This variable will be a composite score based on each respondent's answers to several questions 

### Questions to include

In order for a question to be considered for inclusion in my **Authoritarianism Index**, it needs to meet the following criteria:
- The question must be directly related to values associated with Authoritarianism
- The question must appear in all waves of the survey included in the model (waves 3-7)
- The response scale for the question must be ordinal in nature

Based on these criteria, I selected the following four questions to be included in the **Authoritarianism Index** variable:
| Question ID | Question Description | Response Scale | Directionality |
|---|---|---|---|
| A042 | "Here is a list of qualities that children can be encouraged to learn at home. Which, if any, do you consider to be especially important? Please choose up to five" (**Obedience**) | 0 (not mentioned) to 1 (important) | Positive |
| E018 | "I'm going to read out a list of various changes in our way of life that might take place in the near future. Please tell me for each one, if it were to happen, whether you think it would be a good thing, a bad thing, or don't you mind?" (**Greater respect for authority**) | 1 (good thing) to 3 (bad thing) | Negative |
| E114 | "I'm going to describe various types of political systems and ask what you think about each as a way of governing this country.

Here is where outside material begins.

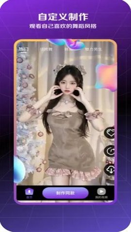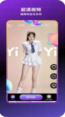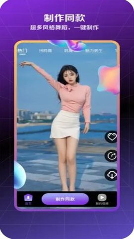 2、舞蹈福利鸡还提供了一键生成爆火舞蹈视频的功能,是一款专业的AI特效舞蹈转化短视频应用。
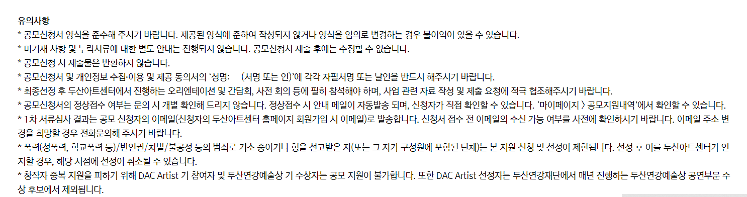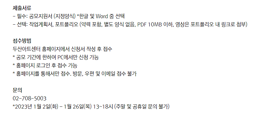 * 서류심사 통과하신 분에 한해 인터뷰 장소와 일정을 개별적으로 안내해 드리며, 인터뷰 관련 세부 사항은 두산아트센터와 협의를 통해 결정됩니다.

For each one, would you say it is a very good, fairly good, fairly bad or very bad way of governing this country?" (**Having a strong leader**) | 1 (very good) to 4 (very bad) | Negative |
| E116 | "I'm going to describe various types of political systems and ask what you think about each as a way of governing this country. For each one, would you say it is a very good, fairly good, fairly bad or very bad way of governing this country?" (**Having the army rule**) | 1 (very good) to 4 (very bad) | Negative |


*Scales determined with reference to https://www.worldvaluessurvey.org/WVSOnline.jsp*

***Note:*** *The directionality of the scales is at times inconsistent. Eg. for question **A042** the value associated with the positive answer is higher, while for the other three questions it is lower. I've noted the directionality of the scales in the above table. I'll need to account for that when engineering my composite variable*

In [None]:
wvs_ts['A042'].value_counts()

In [None]:
wvs_ts['E018'].value_counts()

In [None]:
wvs_ts['E114'].value_counts()

In [None]:
wvs_ts['E116'].value_counts()

### Handling Missing Values

Notice that each variable above has a number of negative values associated with it. Each of these negative numbers corresponds to a different type of **missing data**, which are as follows:
- **-1**: Respondent answered "Don't know" to question
- **-2**: Respondent refused or otherwise provided "No answer" to question
- **-3**: Question "Not applicable". Subject screened out of question by virtue of a response to a filter question
- **-4**: Question was "Not asked in survey"
    - ***Note**: My expectation was that this related to differences in questions asked from one wave of the survey to another. As I specifically chose questions based on whether or not they appeared in all waves, I did not expect to see many of these. The fact that there are still a number of missing values of this type belies that assumption.*
- **-5**: "Missing: other"

I want to draw special attention to type **-1** here. In contrast to the other missing value types, these are not true *missings*, as the respondents in these cases were asked the question and provided an answer of a kind. It is reasonable to read a response of "I don't know" as a neutral response to many of these questions, particularly since respondents are often not offered a **neutral option** as one of the response choices. I'll handle these by creating that **neutral option** at the midpoint, (eg. a four point scale becomes a five point scale with the third option as **neutral**) and assigning items currently coded as **-1** to it. I'll do this as part of a number of adjustments I intend to make to the scales of these variables, in preparation for combining them into my **Authoritarianism Index** variable.

I considered doing the same for missing value type **-2**, but ultimately decided it could not be justified. Neutrality is one possible explanation for why a respondent might not answer a question. Another might be that the respondent feels ashamed of their opinion, or fears the judgement of the interviewer. There could be many other explanations. With no answer given, there is not enough information to determine the respondent's intent. Values of **-2** will therefore be recoded as NAs along with missing value types **-3**, **-4**, and **-5**.

For the purpose of constructing the **Authoritarianism Index** variable, observations will only be dropped if they have NAs for all four of the component questions. Otherwise, their **Authoritarianism Index** will be calculated using the available responses, and scaled to match the rest of the data.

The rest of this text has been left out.